Yeh Hsin-Yi Cindy, Lindsey Aaron, Wu Chih-Peng, Thomas Shawna, Amato Nancy M
Parasol Lab, Department of Computer Science & Engineering, Texas A&M University , College Station, Texas.
J Comput Biol. 2015 Sep;22(9):823-36. doi: 10.1089/cmb.2015.0116. Epub 2015 Aug 10.

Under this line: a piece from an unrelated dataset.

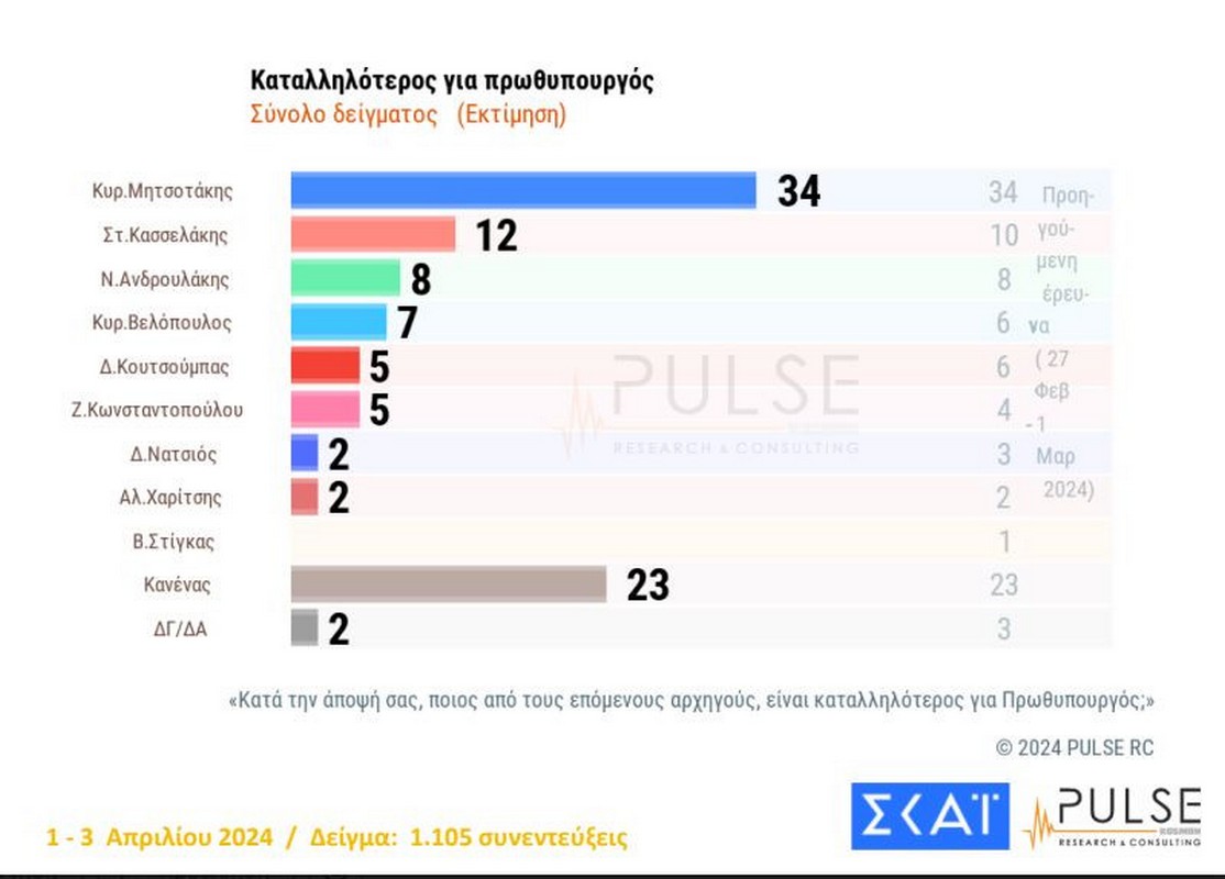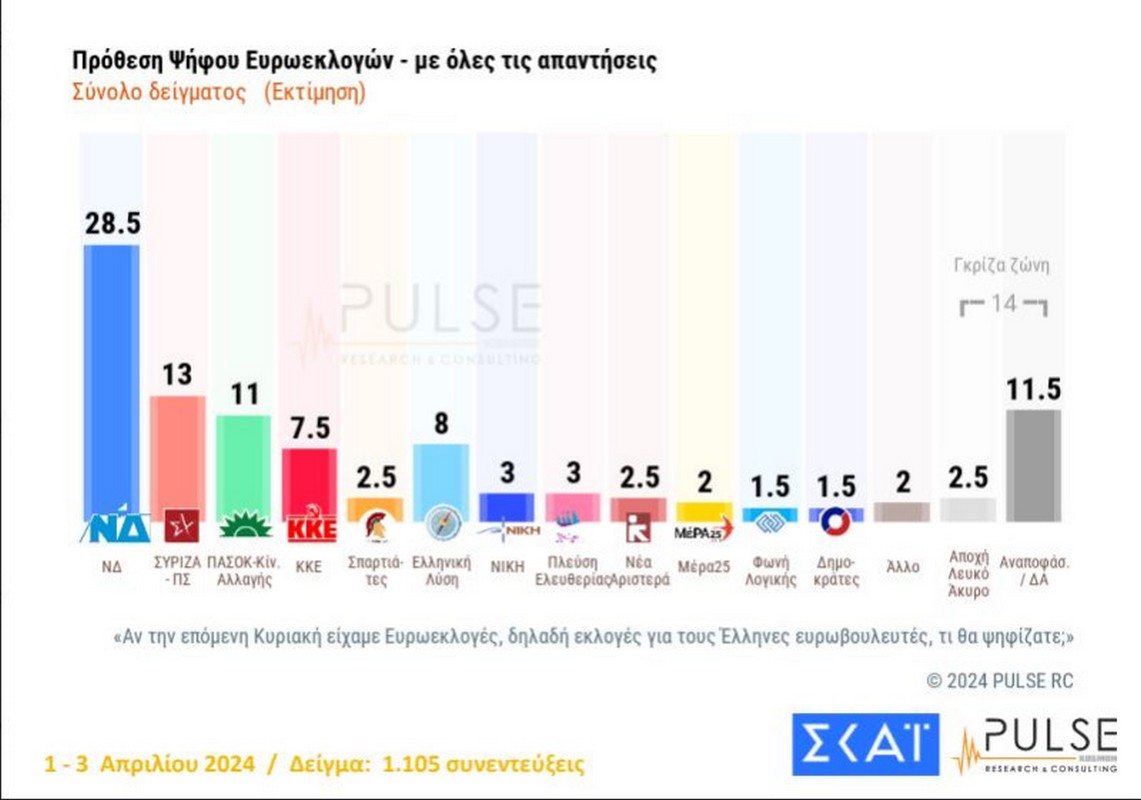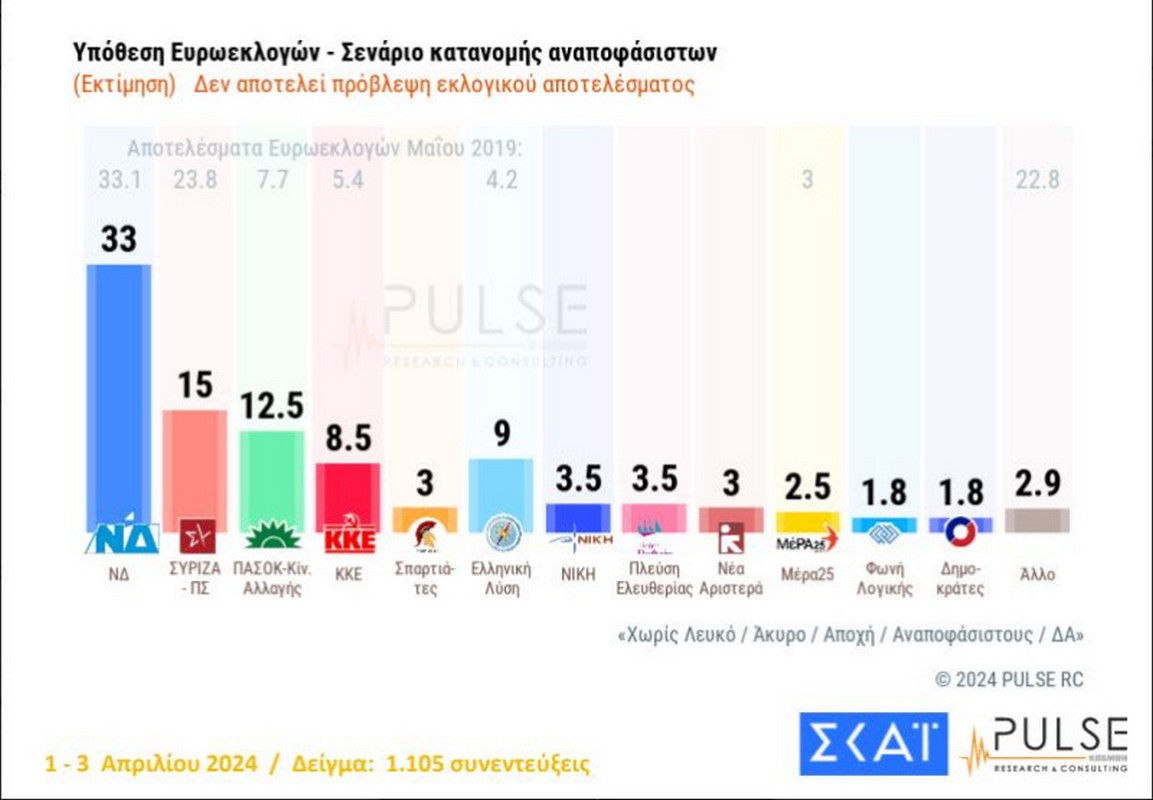 Σύμφωνα με τα αποτελέσματα της έρευνας που διεξήγαγε η Pulse στο διάστημα από 1 με 3 Απριλίου, η Νέα Δημοκρατία συγκεντρώνει 33%, ο ΣΥΡΙΖΑ 15%, το ΠΑΣΟΚ 12,5% και ακολουθούν η Ελληνική Λύση με 9%, το ΚΚΕ με 8,5%, η Νίκη και η Πλεύση Ελευθερίας με 3,5% και οι Σπαρτιάτες και η Νέα Αριστερά με 3%. Οι Δημοκράτες του Ανδρέα Λοβέρδου μετρήθηκαν στο 1,8%.

Predicting protein structures and simulating protein folding are two of the most important problems in computational biology today. Simulation methods rely on a scoring function to distinguish the native structure (the most energetically stable) from non-native structures. Decoy databases are collections of non-native structures used to test and verify these functions. We present a method to evaluate and improve the quality of decoy databases by adding novel structures and removing redundant structures. We test our approach on 20 different decoy databases of varying size and type and show significant improvement across a variety of metrics. We also test our improved databases on two popular modern scoring functions and show that for most cases they contain a greater or equal number of native-like structures than the original databases, thereby producing a more rigorous database for testing scoring functions.
预测蛋白质结构和模拟蛋白质折叠是当今计算生物学中两个最重要的问题。模拟方法依靠评分函数来区分天然结构(能量上最稳定的结构)和非天然结构。诱饵数据库是用于测试和验证这些函数的非天然结构集合。我们提出了一种通过添加新结构和去除冗余结构来评估和提高诱饵数据库质量的方法。我们在20个不同大小和类型的诱饵数据库上测试了我们的方法,并在各种指标上显示出显著改进。我们还在两种流行的现代评分函数上测试了我们改进后的数据库,结果表明在大多数情况下,它们比原始数据库包含更多或相同数量的类似天然结构,从而为测试评分函数生成了一个更严格的数据库。